Editorial

Since time immemorial, man has been stricken by terror. The worst kind of terror is terrorism perpetuated by human beings themselves against their fellow humans. Terrorism remains a major threat to all people. Attacks can occur anywhere in the world, usually with little or no warning. Terrorist attacks always target western interests, including tourists, travellers and expatriates. Most threats of terrorist attacks globally are from groups or individuals motivated by the conflict in Iraq and Syria.

The most common terrorists in modern times are religious extremists who would often reject the authority of secular governments and view legal systems that are not based on their religious beliefs. In the process of terrorising the populace, they obtain worldwide, national or local recognition for their cause by attracting the attention of the media; and discourage foreign investments, tourism, or assistance programs that can affect the target country’s economy and support of the government in power.

Just this year, the world was shocked to its core by several terrorist attacks.
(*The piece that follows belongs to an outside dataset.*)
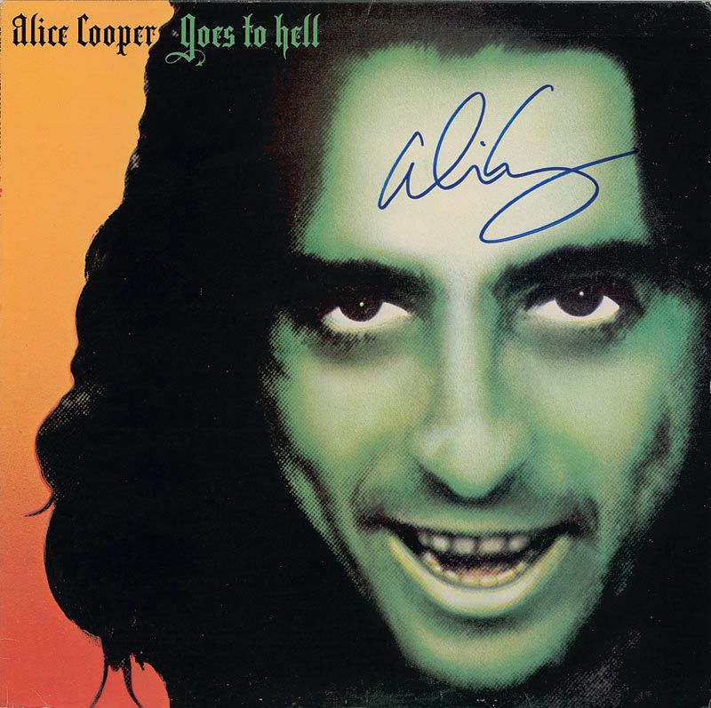 Alice Cooper Goes to Hell album signed on the front cover in blue felt tip. In fine condition, with a couple small edge creases.

Westminster was attacked on the week that UK PM Theresa May sent the letter invoking Article 50 to the President of the European Union. Most recently are the Manchester suicide bombing, the Maute’s siege of Marawi City in the Philippines, and the suicide bombing in Indonesia.

Twenty-two people were killed in a blast perpetrated by suicide bomber Salman Abedi at the Manchester Arena, including an eight-year-old girl and an off-duty female police officer, moments after multi-awarded pop star Ariana Grande’s concert. The UK government, under Prime Minister Theresa May, has raised the UK threat level to the highest possible rating, meaning another terrorist atrocity is expected imminently. She enforced Operation Temperer, the government plan to put up to 3,800 soldiers on the streets in response to a major terrorist threat. They would guard Buckingham Palace, Downing Street, the Palace of Westminster and the embassies. They also closed Palace of Westminster to the public and cancelled the Changing the Guard ceremony at Buckingham Palace to redeploy police officers.

Tourism, one of the driving forces of a country’s GDP, is most affected by terror incidents. They imply that the places where terrorism takes place may be an increasingly unstable place to live and do business in. In fact, tourism industry experts expected a 30% decline in visitors to France in the month after the 2016 Nice attacks.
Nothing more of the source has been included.